In my last post I was describing how to calculate “returning visitors” in a customizable way depending on how you want to define “returning”. At work as well as for personal projects I use for ETL processes Pentaho Data Integration (PDI) aka Kettle. PDI provides a step for fetching data from Google Analytics and I am going to describe in this post how to use this feature on the basis of the job I clicked together for the article on “returning visitors”. I will focus on the steps and aspects relevant to the subject.
You can download the zipped Job here. You might have to adjust the paths.
The job
Because the API request for the number of unique visitors has to be invoked for every needed time span – the calender weeks (Monday to Sunday) and the time spans stretching two consecutive calendar weeks. “week list” creates a set of rows for every time span keeping the calendar week number (cw), the startDate and the endDate of the time span.
This set of rows is passed on to the next transformation “google analytics” which is executed for every row individually. How the data is transported from “week list” to “google analytics” I described in my last post on bulk-downloading files with Kettle – there I just used a Job on the receiving end but the principle is exactly the same.
For every API request the resulting figures are stored in a TSV file which can then be fed to the spreadsheet program of your choice for further processing.
Setting up Google Analytics API access
Before you can access Google Analytics with its API you have to activate that service via the Google API Console. There you can set the permissions for Google accounts – mind that for the API access you need an account that does not use Two-Factor-Authentication (a technology I otherwise very much recommend – it won’t keep the NSA away though). Under “API Access” you’ll finally find the API Key we are going to need for accessing the API.
Querying the API
Okay, what do I want to query? I want to request the number of visitors (ga:visitors) which did not access the web site from Munich (ga:city!=Munich) and that for the time span from ${startDate} to ${endDate} which are parameters originating from the respective fields served by the “week list” transformation.
And don’t forget the credentials and the API key in the top section – otherwise you’ll get a Java Exception instead of the numbers.

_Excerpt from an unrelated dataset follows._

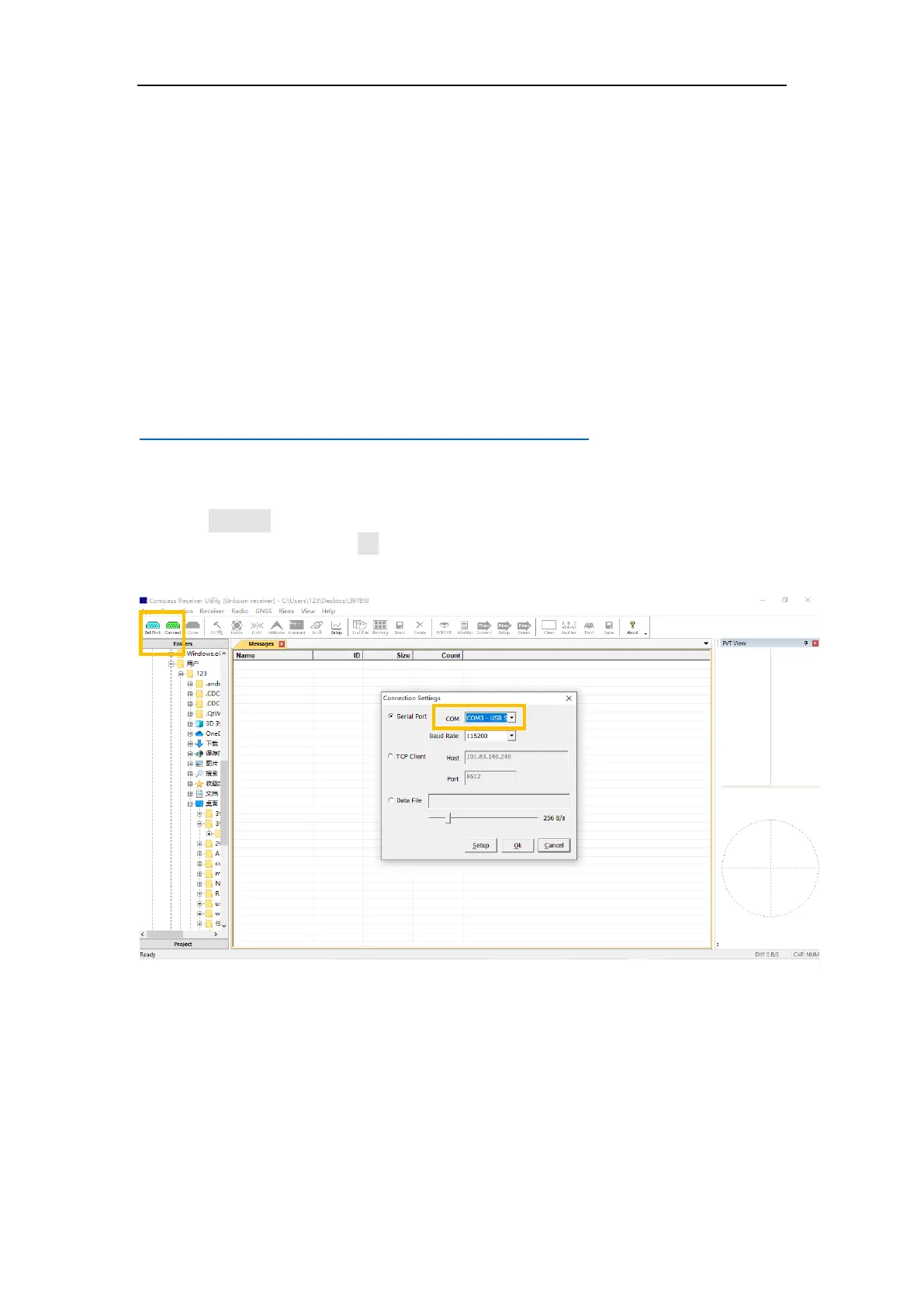 proper baud rate -> click Ok to complete receiver connection.The SN of receiver will

Best way to get used to the Google API syntax is by playing around with the “Google Analytics Query Explorer” and reading through the official documentation.
Appropriate date formats
Google expects the dates to be provided using the format yyyy-mm-dd, f.x. 2013-06-24. Kettle will naturally output dates though using a different format – looking like this: 2013/06/24 00:00:00.000. To convert the formatting to how Google Analytics expects it I use the “Select/Rename values” step in the “week list” transformation – check it out.
If something remaind mysterious because I skipped it or didn’t explain it well – you are welcome to post a comment with your question.
found it:)
Once again me:)
What is to change in the GA that the output is not a csv/txt or whatever file…
I want to load the results directly in the data warehouse?
I tried it with a table output directly from the get parameters but something is going wrong also the database connection is successful:(
Do I need to store the information before in a data grid or something and then load it via table output??
Found it:)
Thanks!!
Thanks for the fast reply!
True…as a newbie I didn’t check the registered value and the defaults! :)
But how can I change that the default value in dates is this one from the main job??
Best regards,
Holger
Hi Holger,
thanks for the kind words.
I assume you tried to implement an own job. Passing around parameters is tricky. If you stay as close as possible to the setup used here then my best guess is that you didn’t “register” the parameters in dates.ktr via the Transformation properties:
Regards
Raffael
Hello There,
thanks for that really nice Example!
I have problems with passing the parameters initialDate and numofWeeks from the main.kjb to the dates.ktr
No matter what I enter in the main.kjb the value is not passed to the dates.ktr and therefore is not analyzing the right timeframe.
What am I doing wrong??
Thanks for the help!
Holger